Casey Christopher Driessen (born December 6, 1978 in Owatonna, Minnesota, United States) is an American bluegrass fiddler and singer.  He plays acoustic and electric five-string violins, each of which has an additional low C string.

He is a graduate of the Berklee College of Music, where he studied with Matt Glaser, and an alumnus of Homewood-Flossmoor High School in Flossmoor, Ill.

He has performed with Béla Fleck, Abigail Washburn, Steve Earle, Tim O'Brien, Darrell Scott, Jim Lauderdale, Lee Ann Womack, Mark Schatz, John Doyle, and Chris Thile.

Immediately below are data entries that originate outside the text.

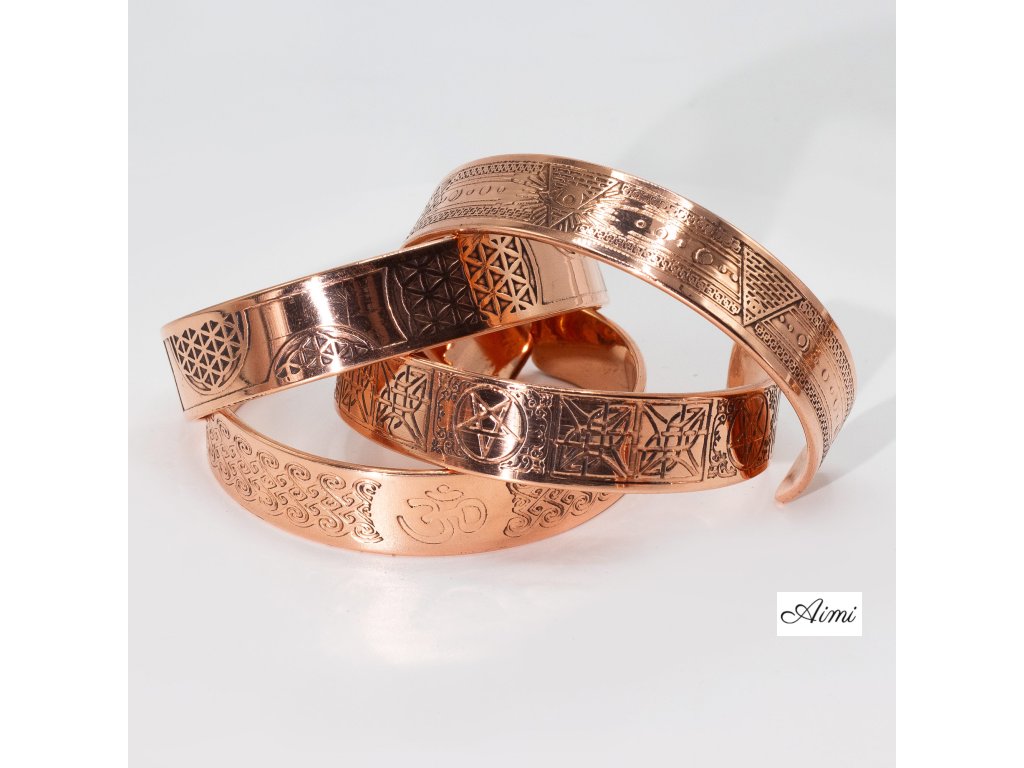 Tieto náramky z čistej medi sú ručne vyrábané v Indii a zdobené duchovnými a dekoratívnymi vzormi na vonkajšej strane – medzi nimi symbol Óm, posvätná geometria, hviezdy, vlny či motívy listov.
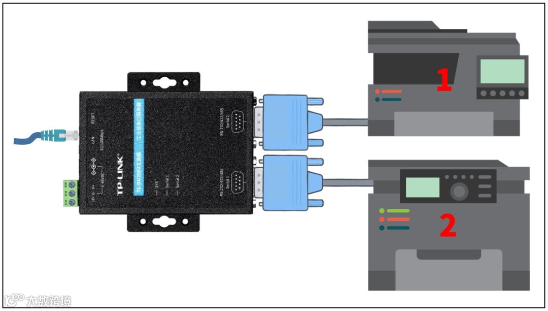 TL-DU2002工业级和TL-DU3002工业级的典型应用拓扑如下图所示,设备支持双串口独立工作,两个串口均可连接机床、工控机或PLC等设备,通过有线的以太网连接上位机,接入IP网络。
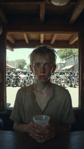 “We’re not here for a drink,” the biker replied, his voice dropping the temperature in the room by ten degrees. “You owe the kid money.”
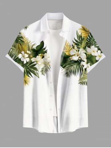 Plus Size Tropical Leaf Hibiscus Flowers Print Buttons Pocket Hawaii Shirt For Men - White - L
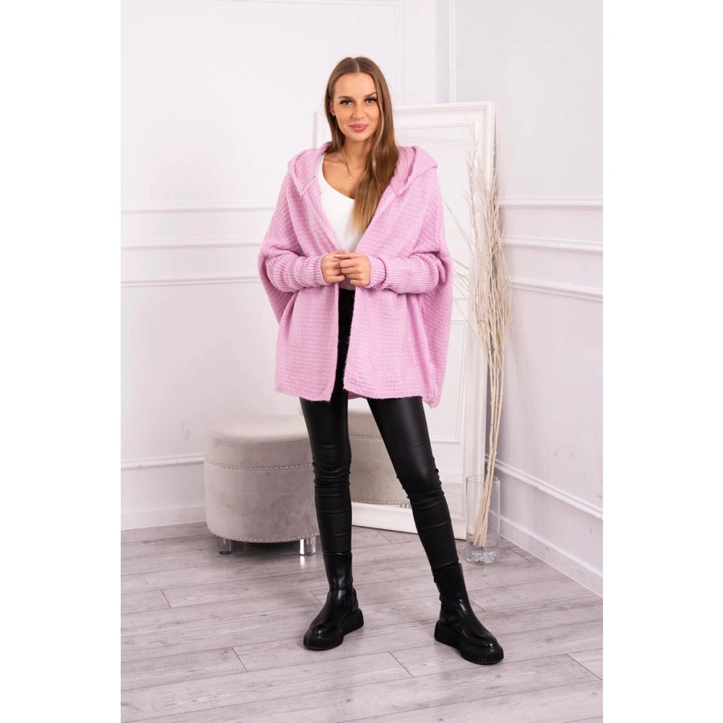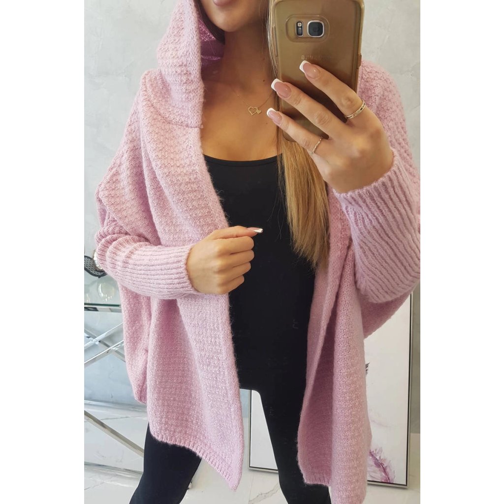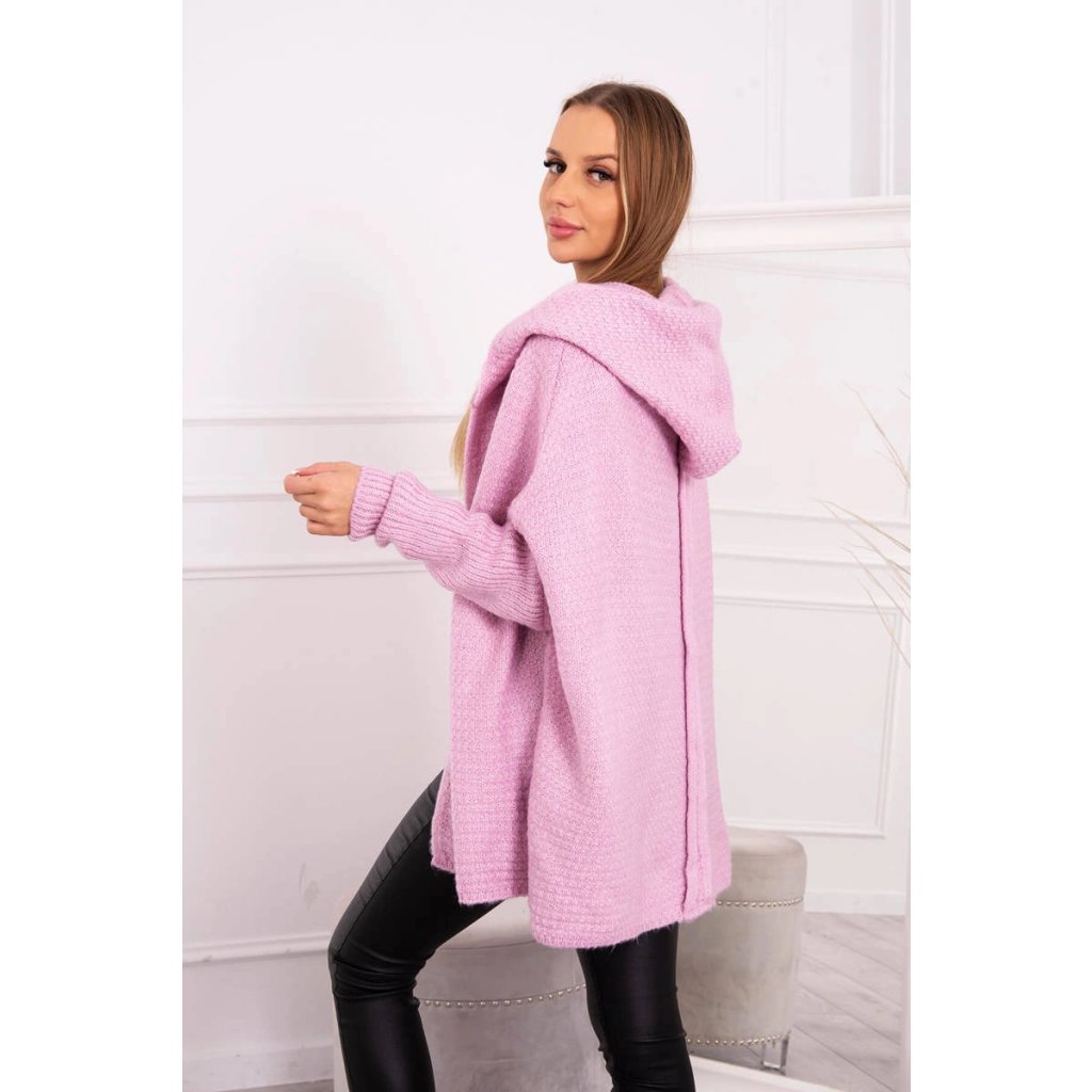 Fialový sveter s kapucňou a netopierími rukávmi

He has recorded with Darol Anger, John Mayer, Jerry Douglas, Jamey Haddad, and Blue Merle.  He has also recorded on the soundtrack for the Johnny Cash film Walk the Line.  He has toured with The Duhks, replacing Tania Elizabeth.

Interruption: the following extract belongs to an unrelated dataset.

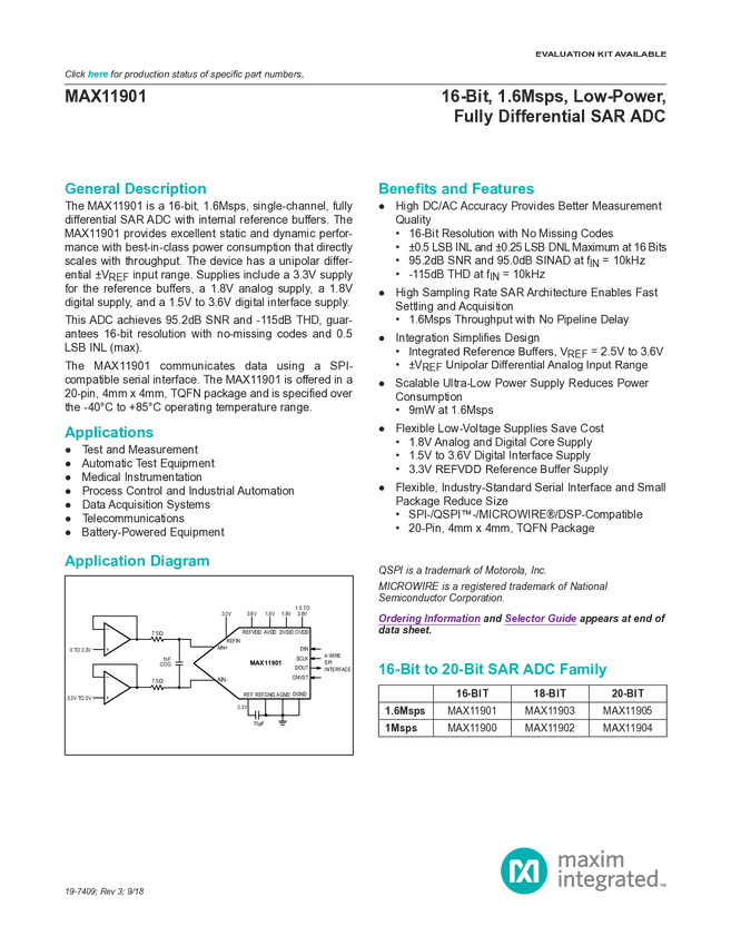 MAX11901 16-Bit, 1.6Msps, Low-Power, Fully Differential SAR ADC
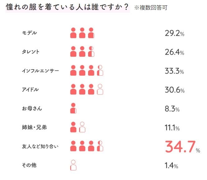 ④「憧れの服を着ている人」は1位が「友人など(34.7%)」。2位以下に「インフルエンサー(33.3%)」「アイドル(30.6 %)」「モデル(29.2%)」など著名人という結果に。

In November 2006 Driessen toured China and Tibet with the Sparrow Quartet (which also includes Béla Fleck, Abigail Washburn, and cellist Ben Sollee).  He also has his own band, the Colorfools, which includes Matt Mangano on bass and Tom "Tommy G" Giampietro on drums.

His first solo recording, 3D, was released in May 2006 on Sugar Hill Records. In 2007, the track Jerusalem Ridge received a Grammy Award nomination for Best Country Instrumental Performance.  With fiddler Darol Anger and Rushad Eggleston, he has released an instructional DVD entitled Chops & Grooves: Rhythmic Explorations for Bowed Instruments.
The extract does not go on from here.